The type segment of your topic isn't a label — it's an instruction. It decides where a message goes and what happens to it.

Four types: numb, bool, status, config. Each takes a different path through the platform. Picking the right one is most of getting your data to behave the way you expect.

The four types

TypeGoes toTreatment
numbNumber graph + historyAggregated into time tiers before storage.
boolBoolean graphForwarded immediately — no aggregation.
statusDevice twinStored as the latest value of a named field on the device card.
configDevice twinLike status, but marks a setting the device received and confirmed.

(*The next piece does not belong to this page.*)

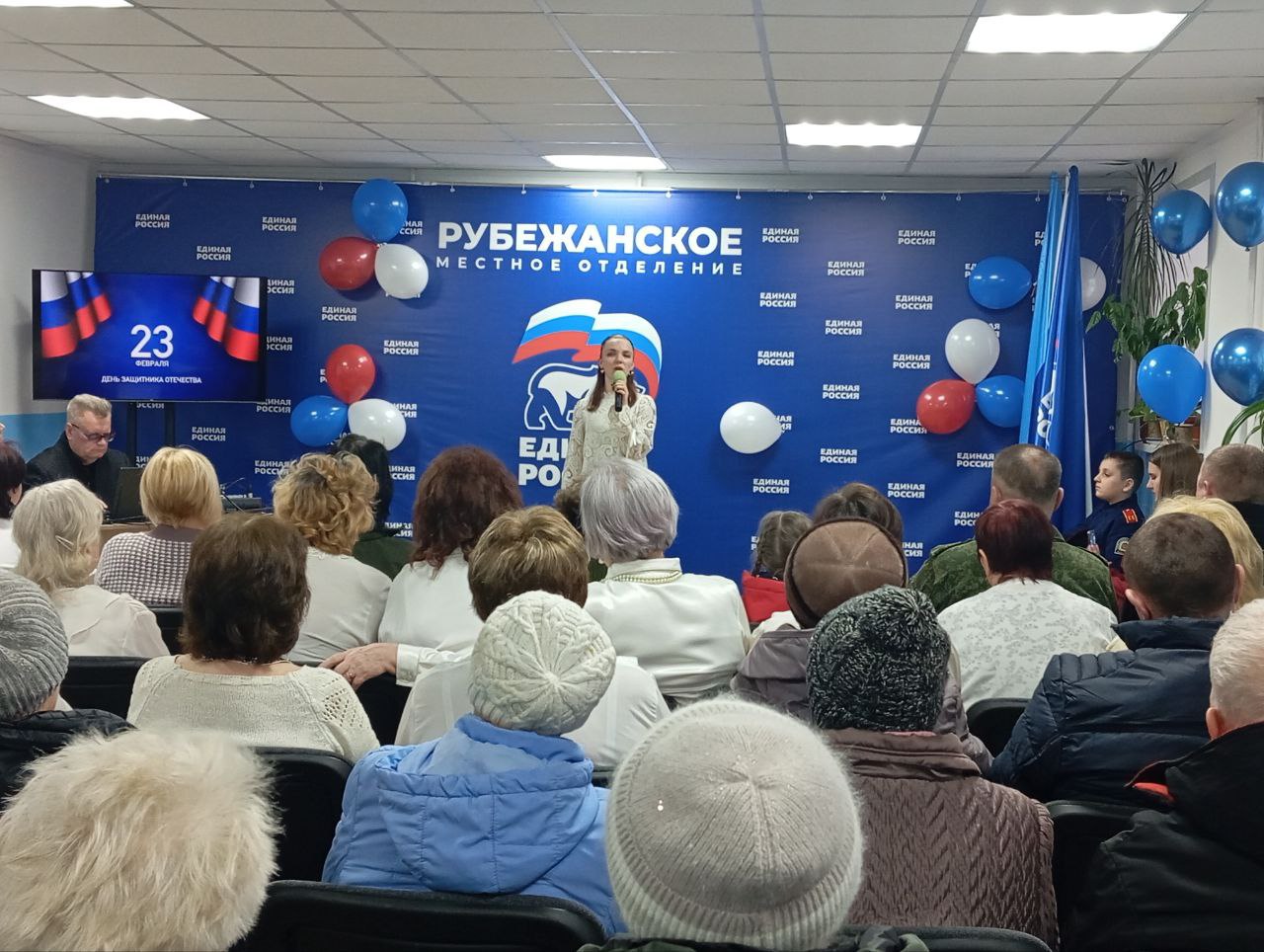 С приветственной речью выступил Секретарь Рубежанского местного отделения ВПП «Единая Россия» и поздравил собравшихся с наступающим праздником. Затем своими песнями собравшихся порадовали хор «Рубежанские зори» и артисты из ГБУДО «Звезда».

numb — the aggregated path

Numbers are the only type that doesn't reach storage as-is. A high-frequency sensor can produce thousands of points an hour, and keeping every raw point forever is neither useful nor cheap. Instead, numb values are rolled up into time tiers — minutes, hours, days, weeks, months, years — as they age. Zoomed in, the dashboard reads the fine tier; zoomed out, a coarse one.

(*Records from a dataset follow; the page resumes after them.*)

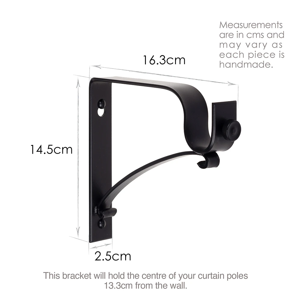 These brackets fit at either end of our 20mm forged iron curtain poles and have a decorative support arm for additional strength. All Jim Lawrence products are made using traditional metalworking techniques that have been passed down through the generations and are designed and finished to the highest standards at our Suffolk workshops. Browse our stunning collection of brass and iron curtain pole accessories, including centre and recessed brackets, rings and a wide range of finials to personalise your look.
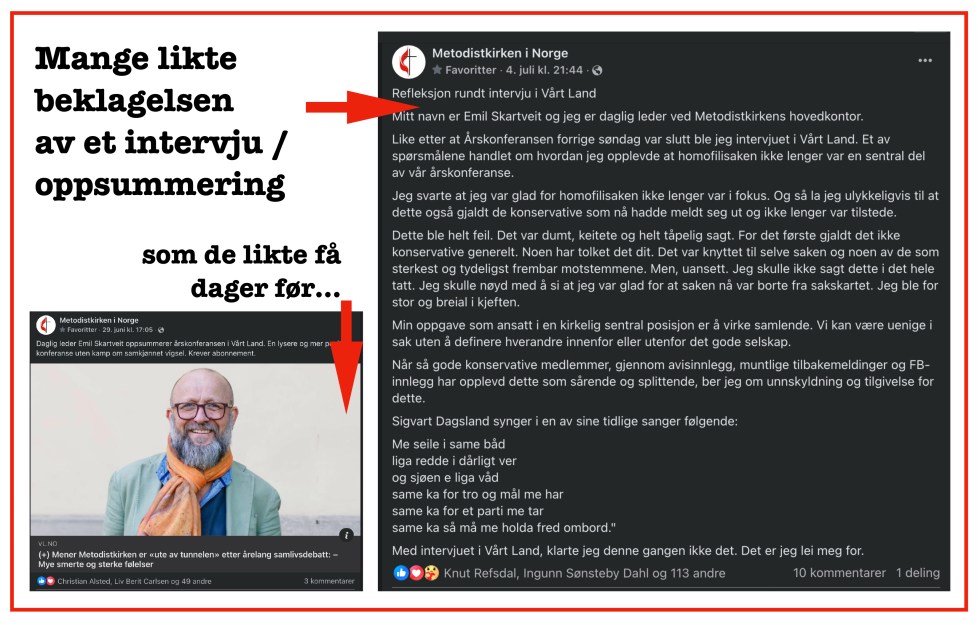 Ellers er SoMe en forunderlig arena. Få dager etter at Metodistkirken 29. juni fikk mange «likes» og hjerter på Facebook for henvisningen til Vårt Lands intervju med daglig leder Emil Skartveit, presterer en rekke av de samme personene å «like» beklagelsen Skartveit publiserte på kirkens Facebookside. En beklagelse hvor Skartveit la seg vesentlig flatere enn han hadde trengt å gjøre. Og absoluttMetodist hadde nok i sin naivitet trodd at en del av «likerne» av beklagelsen, heller ville stå fast og gitt Skartveit ryggdekning.
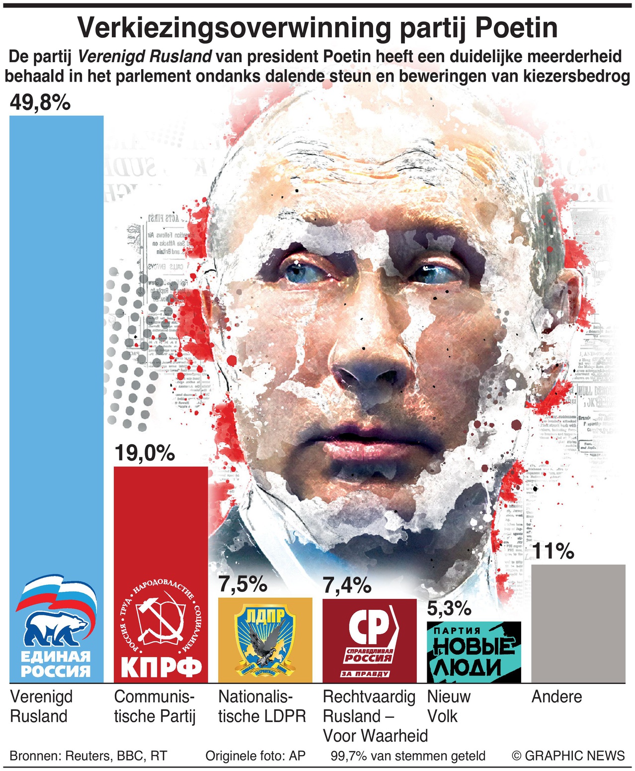 De Russische regeringspartij Verenigd Rusland heeft zoals verwacht de parlementsverkiezingen gewonnen. Dat heeft de Centrale Kiescommissie gisterenavond bekendgemaakt.
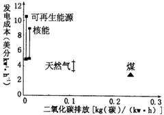 13.图中发电成本最低、二氧化碳排放量最多的能源是 ( )
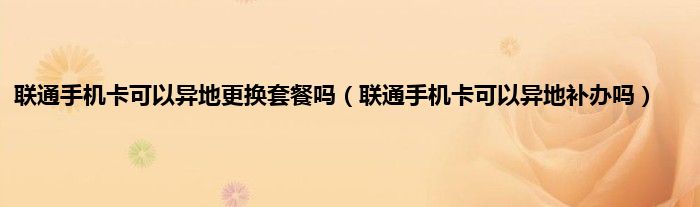 以上就是【联通手机卡可以异地更换套餐吗,联通手机卡可以异地补办吗】相关内容。
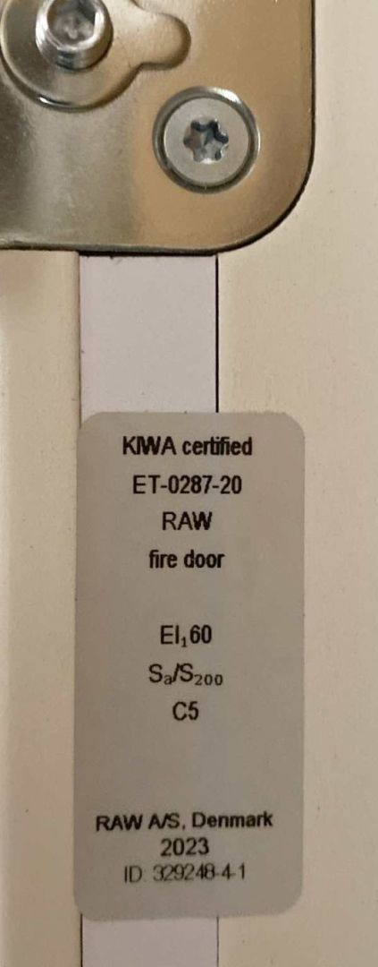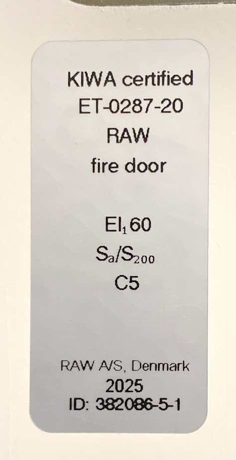 Ny og ubrugt RAW Branddør EI1-60 med karm og hårdttræsbundstykke.
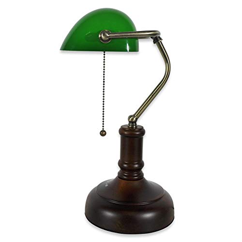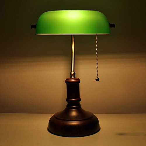 MZStech Lampada da scrivania/Lampada da banco/Lampada da ufficio Paralume in vetro bianco, interruttore a strappo e lampadina a filamento LED 4w (Verde, base in betulla)
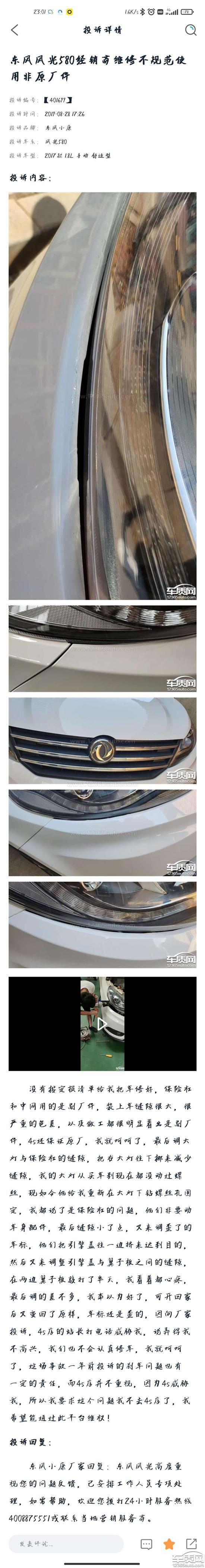 投诉编号:【666121】 投诉时间:2021-11-16 13:39 投诉品牌:东风小康 投诉车系:风光580 投诉车型:2017款 1.8L 手动 舒适型
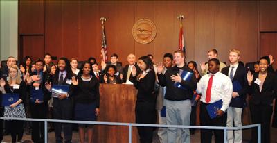 Congressman Lacy Clay swears in the 2013 Class of Missouri's 1st District Congressional Youth Cabinet at the St. Louis County Council Chambers
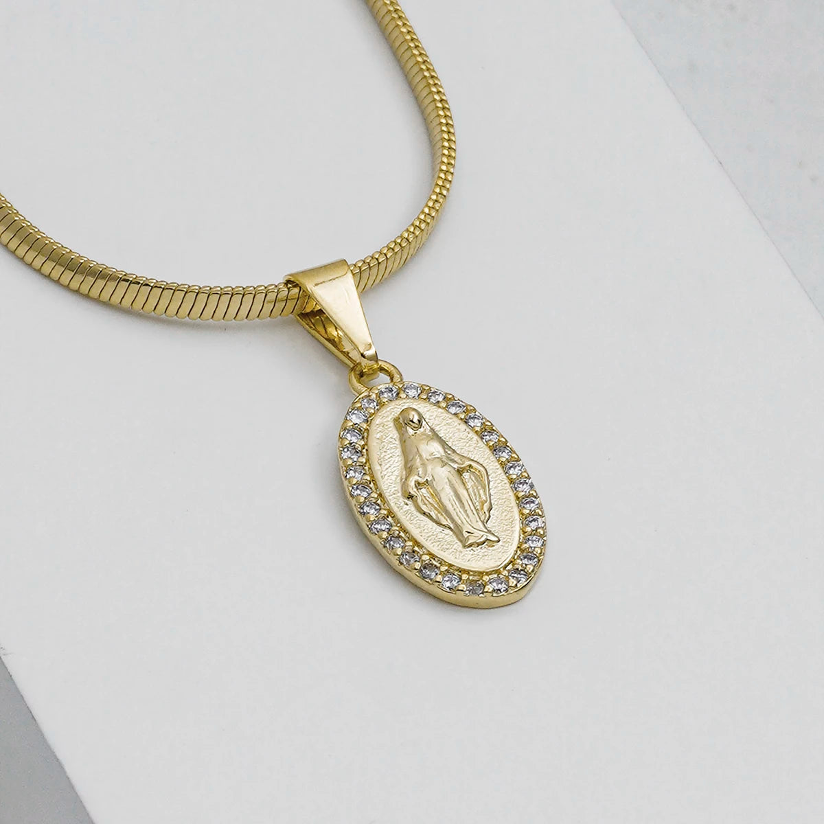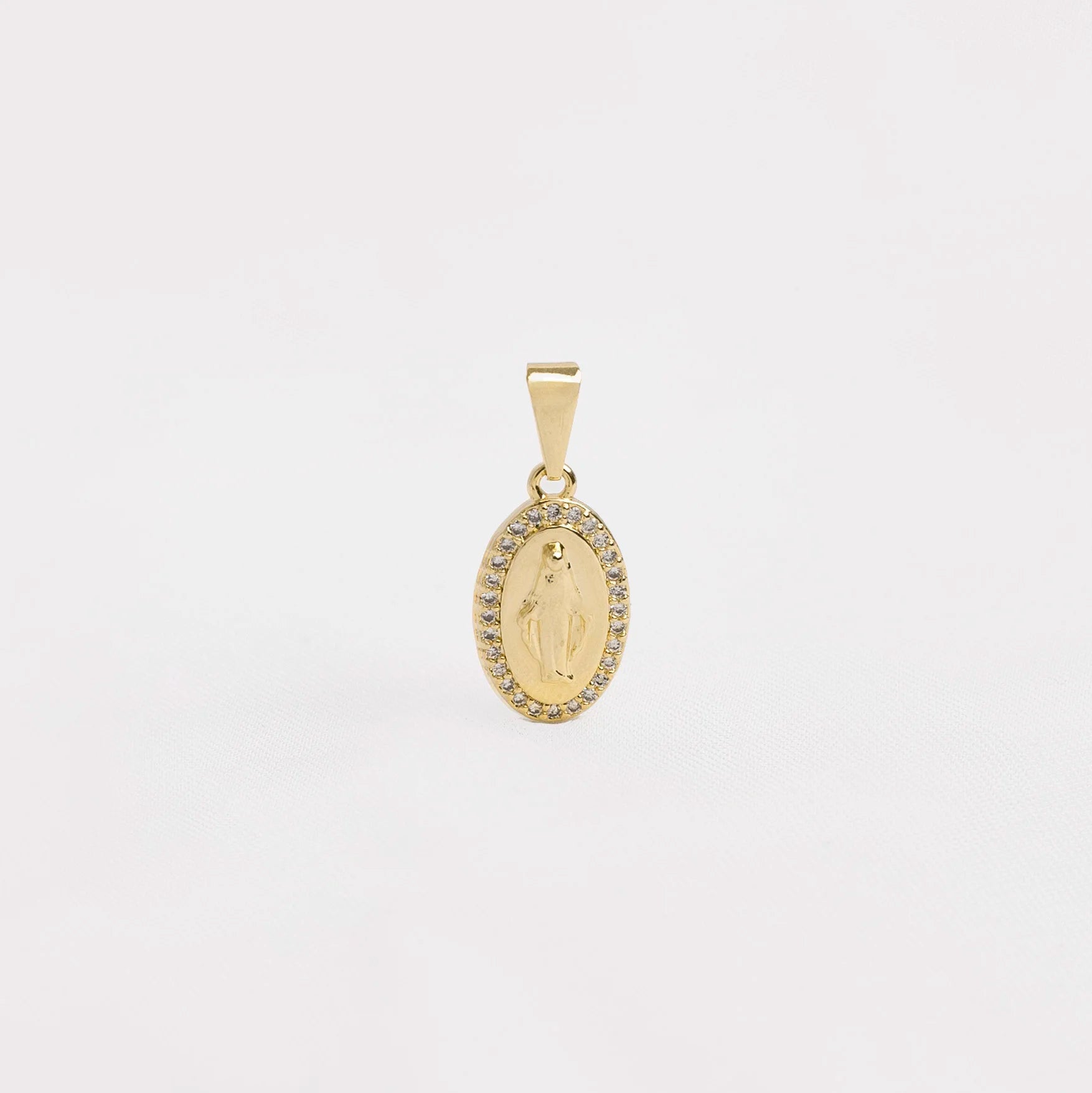 Dije Medalla Milagrosa Con Circonias Cristal, con un alto de 1.6 mm y un ancho de 1 mm

The practical consequence: a value you publish shows up on the live chart right away, and settles into history as the tiers roll. See Graphing for how the chart reads those tiers back.

bool — the immediate path

Booleans represent state changes — a pump on, a door open — where thetransition is the information. Averaging those into a tier would destroy exactly what you care about, so bool skips aggregation and is forwarded straight through. Every flip is preserved.

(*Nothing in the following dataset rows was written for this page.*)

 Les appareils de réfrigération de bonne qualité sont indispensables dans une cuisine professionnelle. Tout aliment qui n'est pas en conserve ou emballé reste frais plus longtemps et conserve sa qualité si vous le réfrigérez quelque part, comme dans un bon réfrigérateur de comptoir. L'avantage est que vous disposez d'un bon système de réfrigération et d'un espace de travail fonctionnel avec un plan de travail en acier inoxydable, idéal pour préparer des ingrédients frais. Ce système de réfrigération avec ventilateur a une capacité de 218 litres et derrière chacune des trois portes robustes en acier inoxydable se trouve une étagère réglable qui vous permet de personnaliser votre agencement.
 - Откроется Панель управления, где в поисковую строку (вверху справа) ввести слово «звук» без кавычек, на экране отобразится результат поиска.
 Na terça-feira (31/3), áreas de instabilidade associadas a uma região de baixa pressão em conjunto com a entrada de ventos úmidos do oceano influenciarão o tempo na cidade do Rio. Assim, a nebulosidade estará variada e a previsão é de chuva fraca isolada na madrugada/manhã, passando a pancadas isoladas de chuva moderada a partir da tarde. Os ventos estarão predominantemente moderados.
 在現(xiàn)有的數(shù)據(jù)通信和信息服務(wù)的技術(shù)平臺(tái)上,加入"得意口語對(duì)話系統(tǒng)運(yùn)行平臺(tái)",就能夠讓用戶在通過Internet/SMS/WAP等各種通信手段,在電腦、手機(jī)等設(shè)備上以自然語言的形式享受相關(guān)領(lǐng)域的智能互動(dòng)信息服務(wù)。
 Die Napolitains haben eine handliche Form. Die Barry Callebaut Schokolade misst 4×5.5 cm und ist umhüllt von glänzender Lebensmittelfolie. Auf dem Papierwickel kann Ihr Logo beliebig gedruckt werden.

Strings are coerced for you. To a bool topic, "true", "yes", "on", and "1" all read as true. You don't have to send a real boolean from the device.

status and config — the twin path

These two don't graph. They land on the device twin as named fields, each holding only its latest value — firmware version, IP address, the current setpoint. Publishing the same field again overwrites it.

status is for facts the device reports about itself. config is for the echo pattern: the device received a setting, applied it, and is reporting back the value it adopted so the dashboard can show the change took effect. Same storage, different intent — and the dashboard renders them with that intent in mind.

Why split it this way

Each type exists because a different question is being answered. numb answers "how did this trend?" and is happy to be summarized. bool answers "when did this change?" and must not be. status and config answer "what is true right now?" and only need the latest value. Routing by type means the platform can do the right thing for each without you configuring anything — the type in your topic is the whole instruction.